Appreciation and Motivation

Smrithi Adinarayanan
Joy of Teaching and Learning
2 min readAug 5, 2016

During our interactions with many teachers regarding what gives them Joy, their responses often revolve around the topic of appreciation and acknowledgement from their students.

In this context, it is important to understand expectation and appreciation. Because misplaced expectations lead to bitterness. There are layers of appreciation. Surface level appreciation lasts for only a few days. Say a compliment on the way a teacher dresses or appreciation for an award. Deeper layers of appreciation can last longer. But even these need to be sustained. Otherwise it would be bursts of motivated work. Therefore we need to look at qualities to sustain the quality of performance to receive the appropriate appreciation that we seek. If we sustain our good work as a teacher, we also grow and as a consequence we gain appreciation and recognition. The logical next step is not only subject matter expertise, but when we are actually able to impact life, in shaping good human beings, the satisfaction is even deeper and the impact is much larger. Basically we expand our window of expectations and aspirations such that we focus on long-lasting satisfaction and happiness.

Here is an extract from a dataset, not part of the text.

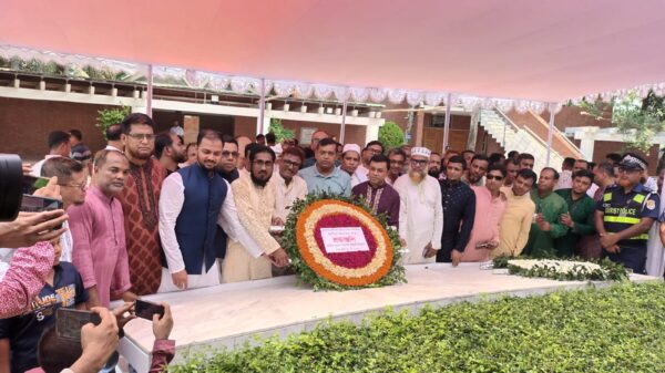 জাতীয় গৃহায়ন কর্তৃপক্ষ কর্মচারী ইউনিয়ন দোহা- আতিক- শাহীন পরিষদ এর পক্ষ থেকে বঙ্গবন্ধুর সমাধিতে ফুলেল শুভেচ্ছা
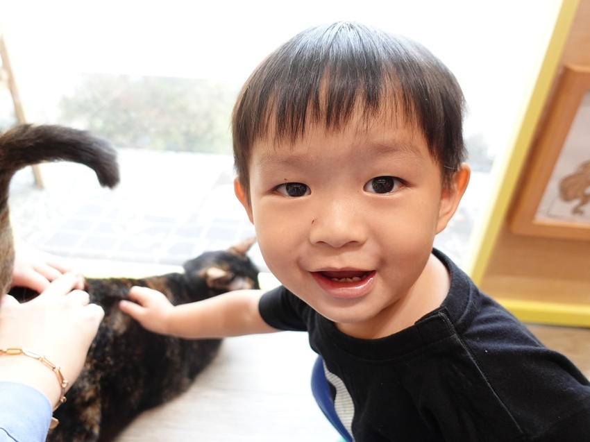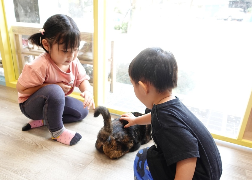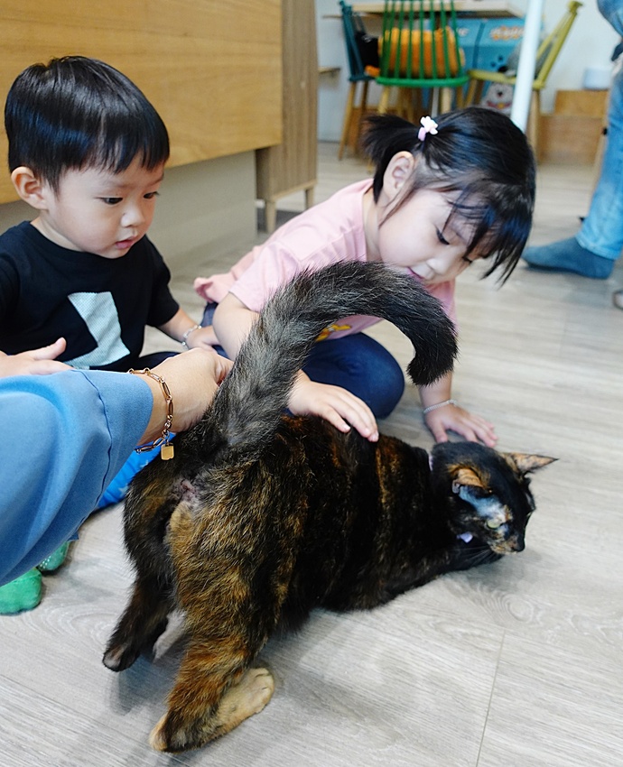 嚕貓過程中,我們餐點也上桌囉。不建議肚子很餓的人來,因為餐點現做等候時間真的比較久,大約需要半小時左右。女兒一開始還沒摸到貓時,就一直問為什麼餐點還不來???(糗)

When we look at teaching as a process of not just creating a good doctor or an engineer but a beautiful human being, we are expanding our aspirations. But this requires deeper levels of expertise. It’s worth striving for. The deeper we focus, when we create good human beings and when the look back at us and say these people have nurtured us, that satisfaction is much deeper. Appreciation matters, but a fundamental motivation matters more.